Children's Literature
Gloria Whelan's historical fiction book, The Impossible Journey, tells about a family living during the Russian Revolution. This book highlights the family's struggles with the Communist party in St. Petersburg in 1934. The mother and father of this family are arrested for betraying Stalin after the death of Kirov's murder, leaving Marya and Georgi, their two children, with their next-door neighbors when they are sentenced to prison. Marya and Georgi make an impossible journey to Siberia to find their mother—they run away with only a handful of food and money to avoid being sent to an orphanage. On the journey to Siberia, they encounter a doctor who is working for the government and allows the children to use his family's passport to board a train for Siberia. When they leave the train, the children have a hike of more than one thousand miles. The Samoyed tribe helps the children with yet another part of their impossible journey. Read this fascinating book to find out if the children succeed in their long journey through many different lands to reach Siberia. Like good historical fiction, author Whelan shows readers how people lived during the time of the Russian Revolution. It opened up a new door of learning for me about the Russian Revolution, such as the condition of the prison camps in Siberia. I found it a captivating book that I could not put down. 2003, HarperCollins Publisher,
— Lindsay Myers <%ISBN%>0066238110
KLIATT
To quote from the review of the hardcover in KLIATT, January 2003: Rather unsophisticated younger YAs in the 10- to 13-year-old range, who like historical fiction and improbable adventures, are the audience for this novel—the cover art is reflective of this lack of sophistication.

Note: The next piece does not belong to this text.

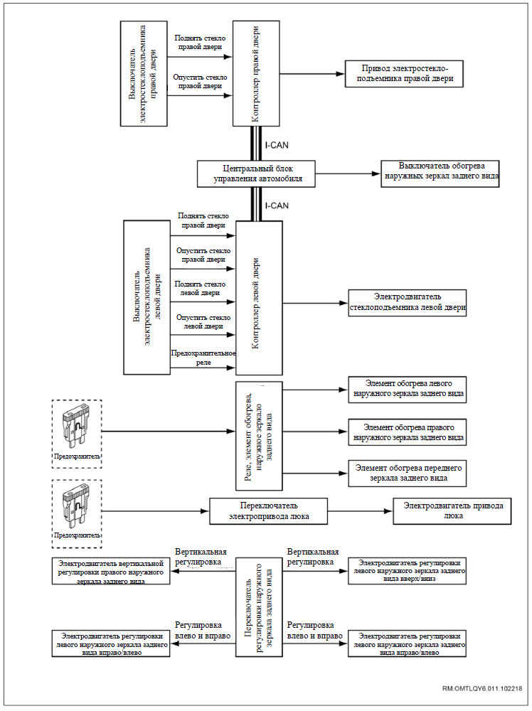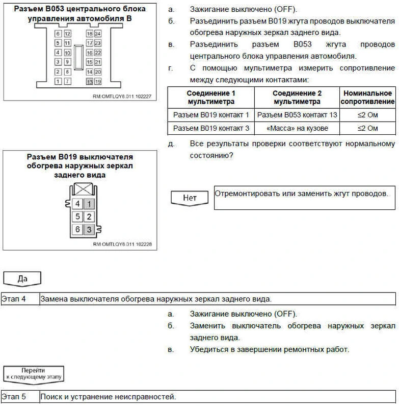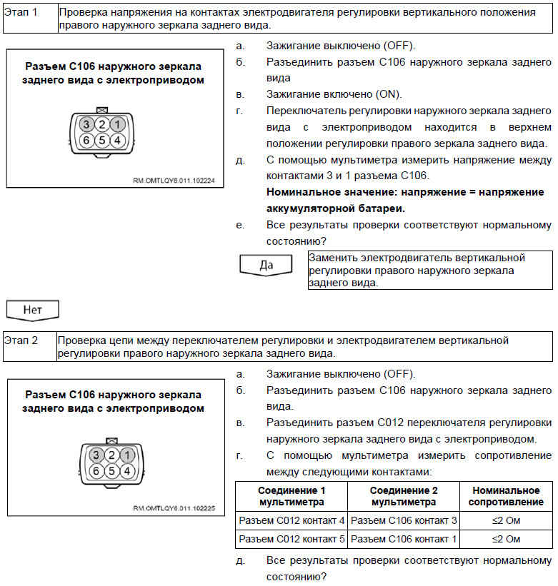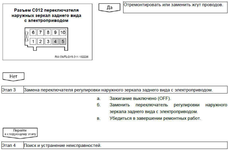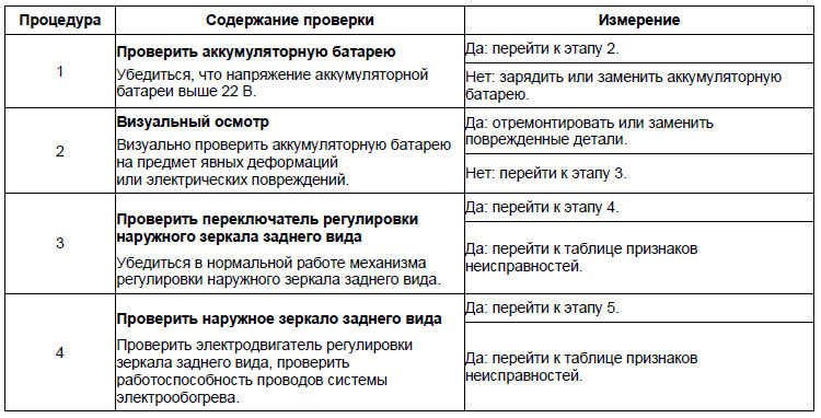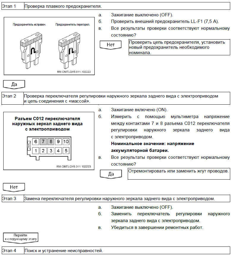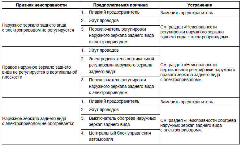 При поиске причин неисправности регулировки другого наружного зеркала заднего вида использовать аналогичный порядок действий.

The setting is Stalin-era Russia in the 1930s. When their liberal parents are arrested and sent to Siberia, Marya and her little brother Georgi are left with neighbors who don't really want them, so Marya (at 13) decides to travel across Russia to join their mother in Siberia. First they must journey by train for days, and then they face a 1000-mile trek along a major river to the Siberian village where their mother lives in exile. (Their father is in a prison camp, and they don't know where he is.) The journey is the story, essentially, and it is filled with numerous adventures, from attacks by bears and mosquitoes to threats from greedy people and bureaucrats, but above all with resourcefulness on the part of the children (Georgi is only eight years old), and the kindness of strangers—especially the nomadic Samoyed people who herd reindeer in Siberia. These folks take in the children and deliver them safely to their mother, riding the reindeer the final part of the journey. Whelan has done her research and the details of the time and place seem quite real—but readers do have to suspend their disbelief a bit at the improbable elements in the plot. (A companion to Angel on the Square). KLIATT Codes: J—Recommended for junior high school students. 2003, HarperTrophy, 248p., Ages 12 to 15.
—Claire Rosser
School Library Journal
Gr 5-8-A story of a remarkable 13-year-old girl in an extraordinary situation. In Leningrad, in 1934, Marya sets out to find her parents, former aristocrats and therefore considered enemies of the state, who have been sent to Siberia as political prisoners. The spirited and resourceful girl learns that her mother is in Dudinka, a thousand miles from the closest railway station. Marya obtains a few rubles selling her paintings (like Kobe in Homeless Bird [HarperCollins, 2000], Marya's creativity helps sustain her) and buys tickets for herself and her younger brother. At the railway station, the children begin their trek, finding their way by following a river. Some strangers help them; others conspire to report them to the authorities for placement in an orphanage. A tribe of reindeer-herding Samoyeds helps the children to their final stop, where they are reunited with their mother. Papa, who had been sent to a coal-mining camp in Siberia, eventually joins them, but is so ill that he dies at the first signs of spring. Life under Stalin as seen through the eyes of Marya is accessible, well researched, and culturally insightful. Lyrical prose conveys both a strong sense of place and the tremendous love that compels the protagonist to find her parents. Once again, Whelan successfully explores territory less traveled in books for young people.-Connie Tyrrell Burns, Mahoney Middle School, South Portland, ME Copyright 2003 Cahners Business Information.
Kirkus Reviews
The year is 1934, and Stalin has begun his own reign of terror, rounding up political dissidents under the slightest pretext. When Marya and Georgi’s parents are taken by the NKVD, they find themselves alone in Leningrad with no support beyond a couple of greedy neighbors. Their mother is relocated to Siberia, their father to a gulag; despite the thousands of miles between them, the children, 13 and 7, respectively, set out alone to join their mother. Whelan, returning to Russia after Angel on the Square (2001) (whose young protagonist is Marya and Georgi’s mother), paints a picture of a country where all live in fear and propaganda has taken over school curricula. The children navigate this perilous terrain with the help of some few good souls and heaps of luck. Chief among these heaps of luck is the convenient group of Samoyeds who befriend the children and take them north on reindeer back; this provides both a charming interlude and a credibility-stretching piece of narrative strategy, turning their improbable journey into a truly impossible one. Marya’s first-person narration effectively conveys the frustration of an older sibling desperately trying to keep a much younger one in line, but otherwise displays a degree of detachment that renders her more a reporter than an actor. Regrettably enough, the Soviet believers exist only as types, making for an unsubtle delineation between good and evil: "Comrade Tikonov stared coldly at me. . . . She gave a cruel laugh." Like its predecessor, this offering takes 21st-century American readers back to a time and place largely ignored in children’s literature; it is a pity that this time and place are not made more immediate and vivid. (Fiction.9-13)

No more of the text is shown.